Great, brownie points, where can they be cashed in?


----------



## Caveat (5 Feb 2009)

aristotle25 said:


> Great, brownie points, where can they be cashed in?


 
The implication being that money is your only motivation in employment I guess?  I'd prefer to think longer term, especially these days.


----------



## limerick123 (5 Feb 2009)

why on earth would you offer to take a pay cut?


----------



## Guest116 (5 Feb 2009)

Caveat said:


> The implication being that money is your only motivation in employment I guess? I'd prefer to think longer term, especially these days.


 
I would never offer to take a pay cut, no. If the company are in a bad position and asked me to take one I would. But no one should work for "brownie points".


----------



## Patrick2008 (5 Feb 2009)

Caveat. I take your point but unfortunately the construction industry is very cyclical so we have to "make hay while the sun shines". If a Property developer is not generating an income then they are left with no choice but to cut costs. We are okay at the moment as our company bought land for development over 20 years ago so the land is paid for. Thus, we can drop the prices of our houses lower than our competitors. However, in the current market people are not buying houses regardless of the price


----------



## Caveat (5 Feb 2009)

aristotle25 said:


> But no one should work for "brownie points".


 
I'm not suggesting they do.  I'm suggesting they work for their agreed salary less 10% - _if and only if_ they can afford it. A gesture like this would never be forgotten.


----------



## PaddyW (5 Feb 2009)

I would wait until they ask Patrick.


----------



## Guest116 (5 Feb 2009)

Caveat said:


> I'm not suggesting they do. I'm suggesting they work for their agreed salary less 10% - _if and only if_ they can afford it. A gesture like this would never be forgotten.


 
Most people can afford a drop but that doesnt mean they should offer to take a drop. I don't think the gesture is worth much, if it comes to it and the company need to make you redundant these feel-good factors are meaningless.

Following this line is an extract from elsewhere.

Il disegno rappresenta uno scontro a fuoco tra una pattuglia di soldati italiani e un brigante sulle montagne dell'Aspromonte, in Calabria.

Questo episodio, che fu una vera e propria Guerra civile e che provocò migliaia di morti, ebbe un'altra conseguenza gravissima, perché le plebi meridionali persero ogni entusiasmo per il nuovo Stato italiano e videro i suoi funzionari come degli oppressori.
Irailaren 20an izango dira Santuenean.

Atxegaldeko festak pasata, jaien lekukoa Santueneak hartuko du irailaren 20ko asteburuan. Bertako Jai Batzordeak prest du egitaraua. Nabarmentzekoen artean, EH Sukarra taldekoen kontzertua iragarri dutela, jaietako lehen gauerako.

On the flip side would think its a good idea to offer to work an extra 4 hours a week unpaid?


----------



## nacho_libre (5 Feb 2009)

Caveat said:


> I'm not suggesting they do.  I'm suggesting they work for their agreed salary less 10% - _if and only if_ they can afford it. A gesture like this would never be forgotten.



Or it might be forgotten in a week. 
Say nothing. You may be drawing unnecessary attention to yourself 
by making the suggestion. 
Keep your head down and work hard.


----------



## Caveat (5 Feb 2009)

aristotle25 said:


> On the flip side would think its a good idea to offer to work an extra 4 hours a week unpaid?


 
Yes, maybe a better idea - amounts to the same thing.

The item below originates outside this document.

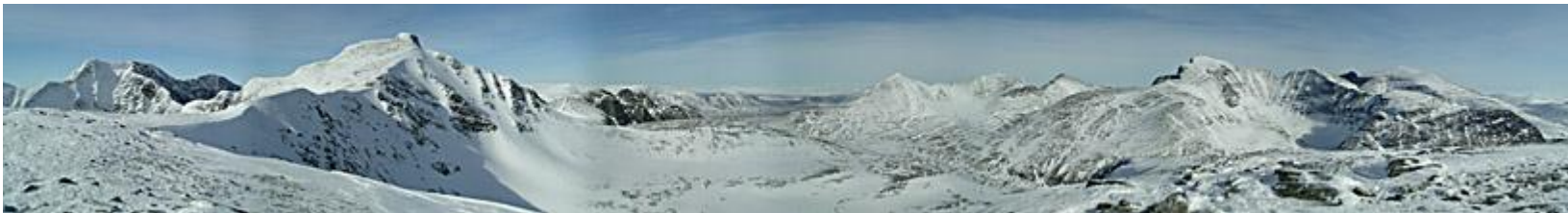
Utsikt från höjden innan Veslesmeden (3/4 varv)

However in the current climate he may be working (unpaid) well over the standard hours anyway.


----------



## Calebs Dad (5 Feb 2009)

Most Companies by now will have assessed the impact on costs of the current economic downturn. If they haven't they would be mad. From this they will identify cost saving measures that need to be put in place. This will include all the normal things, pay cuts, no overtime, reduced working week, redundancy etc etc.

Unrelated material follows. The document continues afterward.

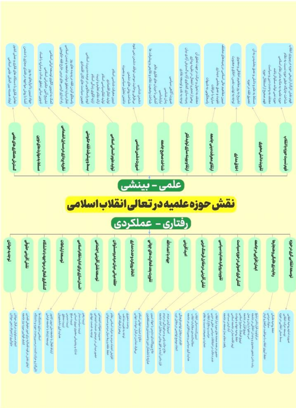
شکل ۱- مدل شبکه مضامین مبتنی بر بیانات رهبر انقلاب اسلامی

If you havent been asked yet, lucky you. That either means you are safe or you are safe for now. I would not offer up anything at this stage, wait and see how thing pan out.

Craig


----------



## Patrick2008 (5 Feb 2009)

Thanks for all your replies. I think I will keep my mouth shutfor now and keep my head down. The ironic thing is that I am directly involved in making cost savings across the company but I fee a bit of a hypocrit considering I am not taking a pay cut. However, in saying that, my employer has not suggested anything in terms of me taking a pay cut so I will wait for him to make the suggestion if and when he decides to do so.


----------



## Caveat (5 Feb 2009)

Well fair play for even considering it Patrick.


----------



## Guest116 (5 Feb 2009)

Caveat said:


> Well fair play for even considering it Patrick.


 
Where can you cash that in?  Sorry, just joking!


----------



## Caveat (5 Feb 2009)

aristotle25 said:


> Where can you cash that in?  Sorry, just joking!


 
Go away!


----------